Currently the module passes a URL to tika to retrieve the files. When you have a lot of files to index this can be slow. I've attached a file that uses the real file path to access the file.

I'm not sure if this can be integrated somehow since this wouldn't work if you want to index remote documents (which is possible in D7). Maybe only use realpath() when it's available on the wrapper and use the URL if it's not?
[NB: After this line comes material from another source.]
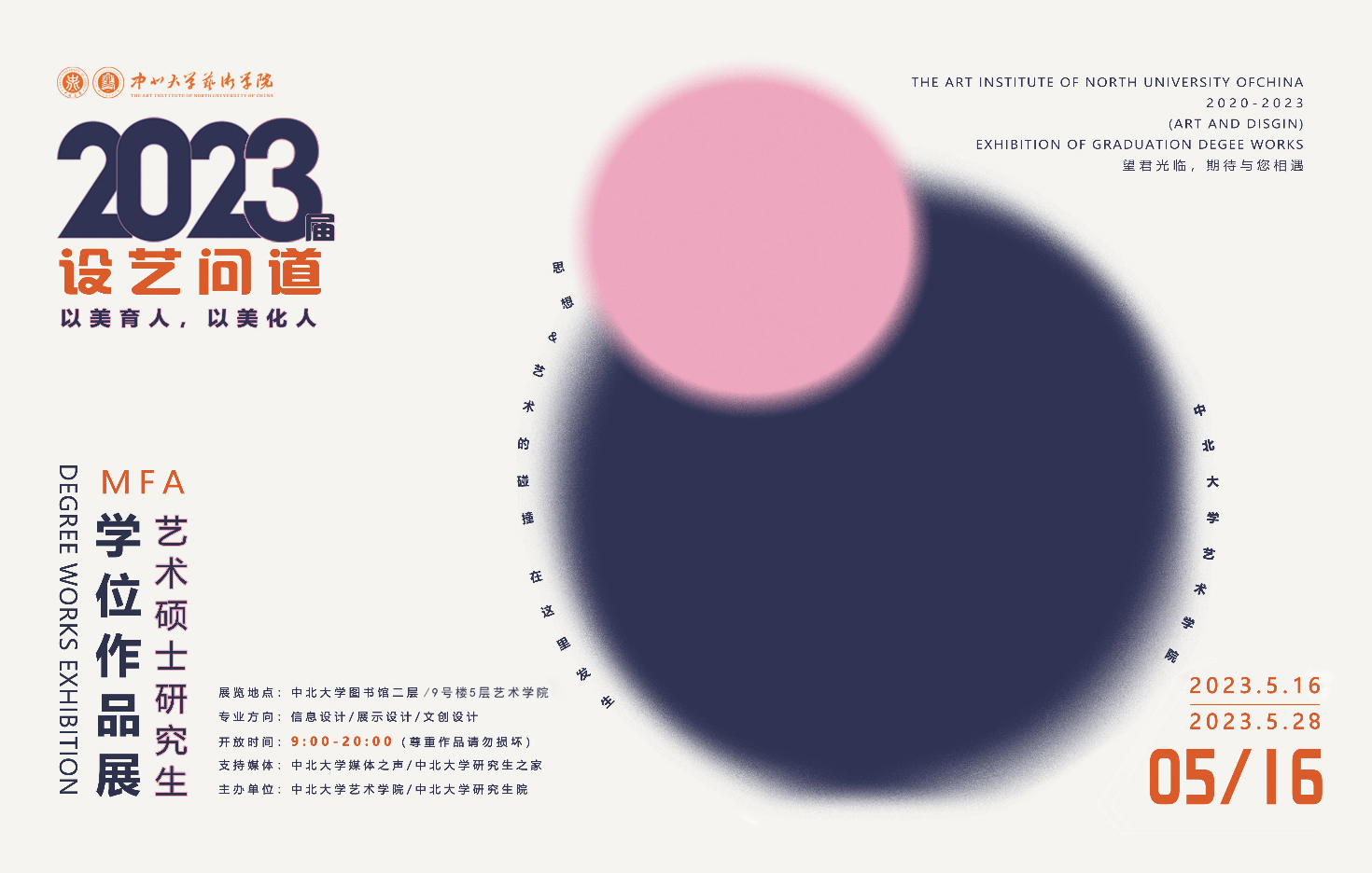 思想&艺术在这里碰撞,执着&热爱在这里绽放。中北大学艺术学院2023届MFA艺术硕士(艺术设计领域)线上毕业展于2023年5月16日如期发布,线下展览于图书馆二层展厅同期开展,欢迎各界设计爱好者们前来交流与互动。本次共展出19名学生的毕业设计作品,涵盖文创及品牌设计、信息视觉设计、展示视觉设计三大方向,呈现了设计作品的风采与特色,也展现了他们对艺术新形式、新领域的积极探索与求知精神。

Support from Acquia helps fund testing for Drupal Acquia logo

Comments

Anonymous’s picture

Hi

Have you got any numbers about the preformance gain?
I'll try to set it up this weekend and test the patch.

Regards

Tim

Jax’s picture

Another reason for using realpath is that at the moment the indexing doesn't work with the "drush core-cron" command. The host part is missing from the url.

Anonymous’s picture

Hi

I've run some test with realpath and there is no real performance gain
for indexing 34 large documents they both took around 1 minute 31 seconds, give or take 1 second.

So I don't think we should change it for the performance gain, but maybe try to solve for drush part.

What's your idea...

Tim

floeschie’s picture

Status: Needs work » Needs review
FileSize
1.89 KB

I'm having the same issue with "drush cron". I applied the patch above as well the one I submitted in #1365148. Then I cleared the index and ran the "drush cron" command. I still get errors for files which are not parsed by Tika (images, plaintext).

So I extended the code a bit mor and added a new function which determines a file's realpath.

floeschie’s picture

Seems to work except that German umlauts are removed by escapeshellarg(). If a file has something like "ä ö ü" in its name, then Tika throws an exception cause it cannot find a file after the umlauts have been removed...

Berdir’s picture

Stream wrappers can register if they are remote or local using the type in hook_stream_wrappers(): http://api.drupal.org/api/drupal/modules--system--system.api.php/functio...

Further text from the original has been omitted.